Saturdays are the quiet mornings of a day when I’m not ‘on call’ or expected to be accountable to anyone.

The best day of the week? Sometimes, yes.

Though when the list of demands is extensive and gets only larger each week, I subliminally look to the weekends as space to catch up, when a more intelligent perspective would be as space to breathe and recharge. Recharging can mean different things to each person.

These days, instead of binge-watching streamed shows, I’ve been indoctrinated into the world of ‘Townscape’. While immersed in the digital pretend world, I am creating. However, its system and rules are teaching how capitalism works, I am enthralled at how well the design triggers the development of dopamine.

I know that real recharging is spending time on activities that either don’t produce dopamine or at least are productive in a self-care way.
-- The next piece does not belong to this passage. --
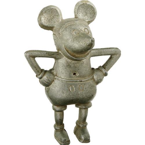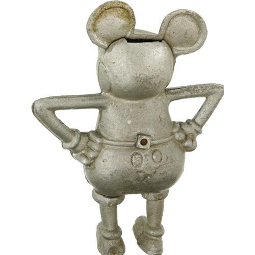 <B>Mickey Mouse Metal Coin Bank.</B></I> Vintage aluminum coin bank in the likeness of Mickey Mouse, circa 1930s, 9" tall and made of aluminum and unpainted. A nut on the back unscrews to allow the body to separate in halves and the money to be retrieved. In Excellent condition with light surface wear and some rust to the bolt on back. <BR><BR><B>Important notice:</B> Heritage usually auctions material at the rate of 200-250 lots per hour. On some occasions eBay Live bid software or the Internet may not be able to keep up with the pace of the auction. We recommend placing a realistic absentee bid now as insurance to avoid disappointment. Occasionally the auctioneer may eliminate or reject an eBay Live bid, and the auctioneer may also reopen a lot after the close of the eBay live bidding (usually because we missed an audience bid), and may reject your bid even if it shows you as the winning bidder. By bidding via eBay Live, you agree that Heritage may award the lot to another bidder at its sole discretion under the circumstances described above or any other reasonable circumstances. Since eBay bids are not shown to us until we open the lot on the floor, we treat those bids just like floor bids. In most cases the floor responds before the eBay bid is presented to us, due to Internet lag time, so for consistency we have made it a policy that floor bids are always considered first over tie eBay live bids. Also please note that all Heritage lots purchased through eBay Live carry a 22.5% Buyer's Premium. Please make sure you read the Terms and Conditions before you bid. This lot is being auctioned in conjunction with a live floor auction by Heritage Auction Galleries. All final auction and invoice information will be supplied by Heritage Auction Galleries, and all other information should be considered preliminary. Lot:41001 <BR><BR><B>Winning Notification and Billing:</B> After the FINAL session in this auction is complete, Heritage will send e-mail and snail mail invoices. This process normally takes several days. All final auction and invoice information will be supplied by Heritage Auction Galleries, and all other information should be considered preliminary. <BR><BR>This auction will be conducted on a live auction floor and over the Internet through eBay Live. If you choose to place an absentee bid, please take a moment to <font color='#0000ff'><u><a href='http://pages.ebay.com/liveauctions/help/before/laabsentee.html'>learn how eBay Live absentee bidding works</a></u></font><font color='#000000'>

The definition of self-care is: “care for oneself.” It is not: “indulge in anything that makes you feel good.” Taking care of yourself is a multitude of daily routines, experiences, and actions, including responsible choices. But knowing what is good for you is not always enough to motivate such actions.

Perhaps creating categories such as rest, health, relationships, and more, then listing activities under each. After reviewing my list (above), I realized that more activities require effort and don’t exactly inspire joy while doing the world, but they do nourish and trigger dopamine when completed. So on this sunny Saturday, after a morning that I will fully admit has been both unproductive and not at all restful, I look around my tiny office, observing the piles of books, papers, bottles, cords, highlighters, digital devices and more reminding me of the commitments I have made to follow up on.

Following up on commitments is important to me. However, I struggle every minute of every day to avoid the efforts that will take effort and my full attention. It’s just so easy to blank out while feeding cows, harvesting fields, and participating in a capitalistic ‘game’ that, in the end, I am paying for with both my time, attention and sometimes pocketbook.

It never helps that with everything I could do, choosing what to do first triggers me to avoid the tasks I need to do most. If only I could sit in the awareness that engaging in hard work, I could focus on the experience, not as taking me away from cheap and easy but filling me up in better ways.